Laura is still looking at David, but now the corners of her mouth are nearly smiling, and David would bet quids that tonight she’ll be writing all this down in her little black book, and wouldn’t be at all surprised if she said, quietly – “Best cab ride I’ve ever had...” - and he’s thinking ‘God, I do so love this woman!’ just as she leans forward and says –

“Brendan Behan also said, Mr Hogan, that the most important things to do in the world are to get something to eat, something to drink, and somebody to love you.”

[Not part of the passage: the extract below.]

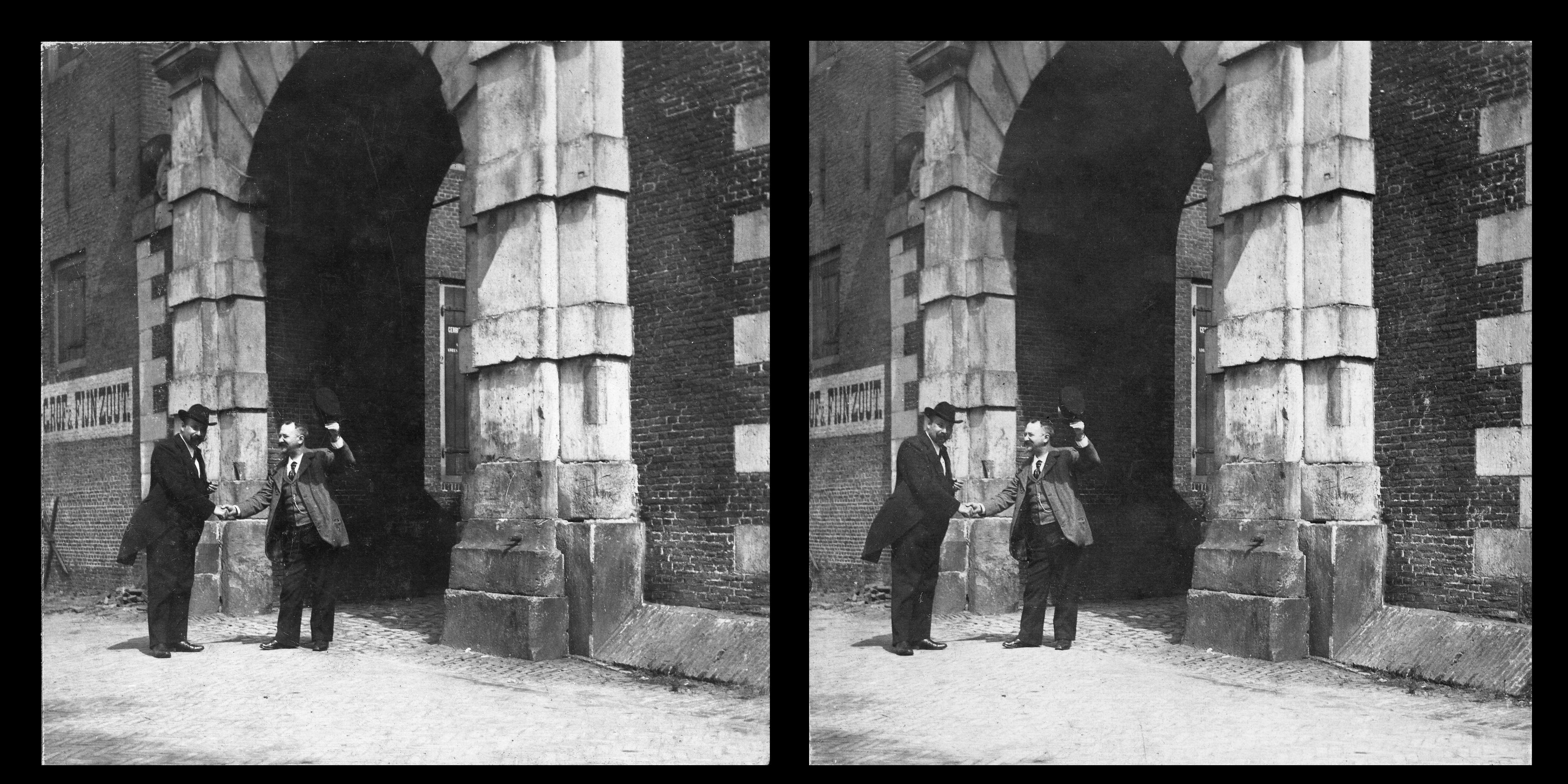 - Stereofoto van de Catharijnepoort aan de zijde van de Hooikade.

He laughs now, and suddenly, a rich throaty rumble of a laugh, like he’s tickled pink, and he swivels around, one elbow over the back of his seat, takes in Laura with his pair of green traffic-light eyes.

“Ah now missus, an’ ain’t that the truth or it damn-well should be!”, and as he swings back he pauses to fix on David, and there, again, that look that says you’re a lucky man.

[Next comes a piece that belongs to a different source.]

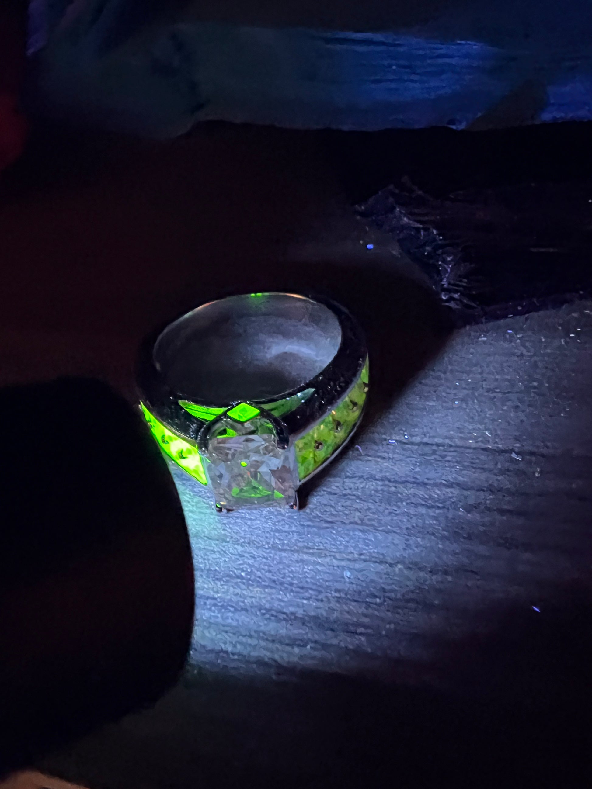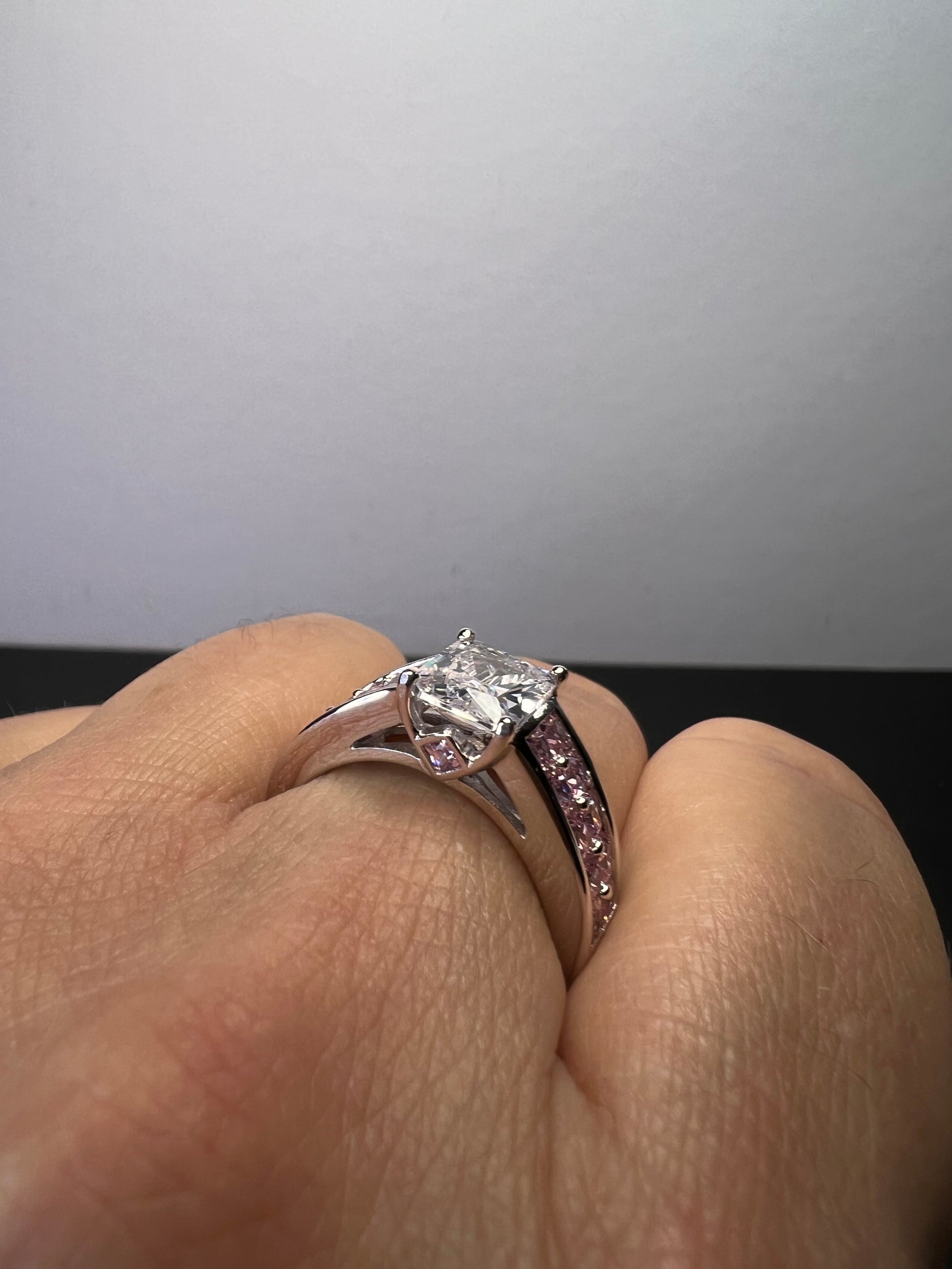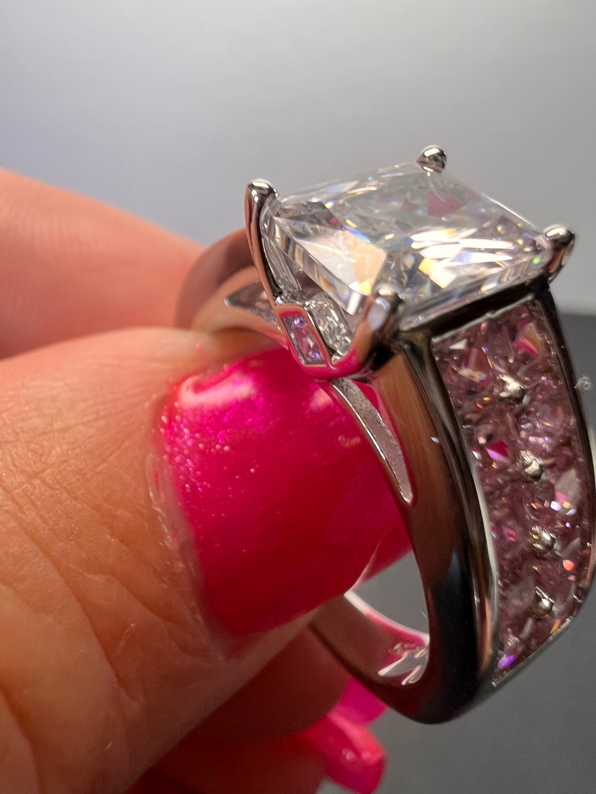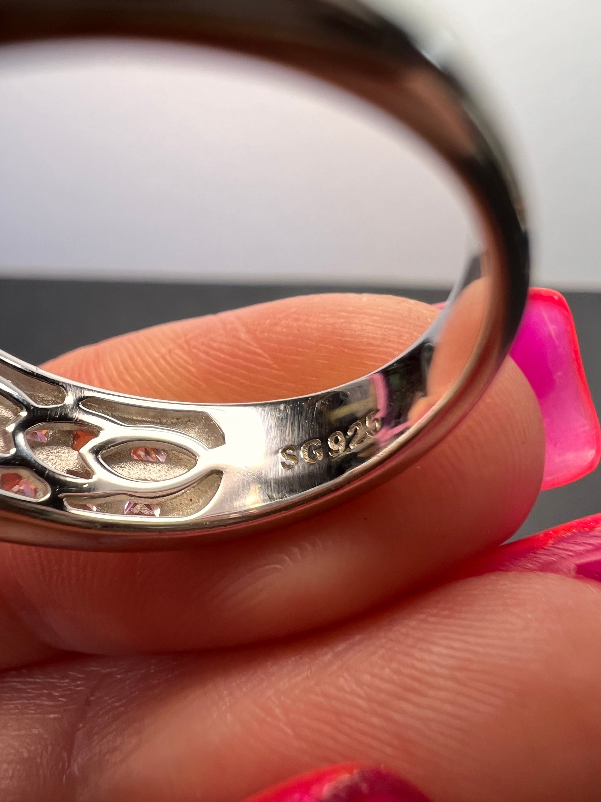 White and pink ice cubic zirconia stones set in rhodium or platinum plated over sterling silver. Has a decent weight to it. Solid craftsmanship . Size 9

Still smiling, he looks to the front and shoves into the O’Connell St traffic and a red Audi noses down on its brakes and gives him a blast of the horn.

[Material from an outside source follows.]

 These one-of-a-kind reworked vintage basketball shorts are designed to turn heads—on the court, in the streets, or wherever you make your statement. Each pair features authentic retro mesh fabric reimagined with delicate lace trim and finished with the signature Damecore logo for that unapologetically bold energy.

“An’ you too an’ all...”, he says, and pulls up to the Royal Dublin as the meter clicks up nine pounds eighty and David checks his wallet, realises he only has one tenner in Irish Pounds and the rest are fifties. He steps out and forages in his pocket, but already knows there’s only the handful of leftover English change.

Same as most Kiwis, he’s hopeless with tipping. Their hearts are always in the right place but they just don’t know how it works, and now he feels a small panic as the guy whips around the back, heaves their bags out from amongst his scrap iron and drops them on the footpath. Then he’s looking at the Irish tenner David’s holding and he’s clearly thinking ‘no fecken tip here’ and David’s feeling like a totally ungrateful turd, and in desperation hauls out the handful of coins.

“Is a bunch of Pommie quids any good to ya mate?”

His face breaks open as David drops all of it into his big open paw.

“Well now, an’ that’s no trubble a tall - an’ thank ya...”, and is about to move away when Laura holds out her hand to him. For half a second it doesn’t quite register, but then that big boyish grin lights up again, and he takes her hand and pumps it generously.

“An’ you have a grand holiday now my lovely...”, and he pumps it again, shakes David’s as well, turns and pauses a moment at the open cab door, looks out over the bright blue Dublin skyline, and nods his head.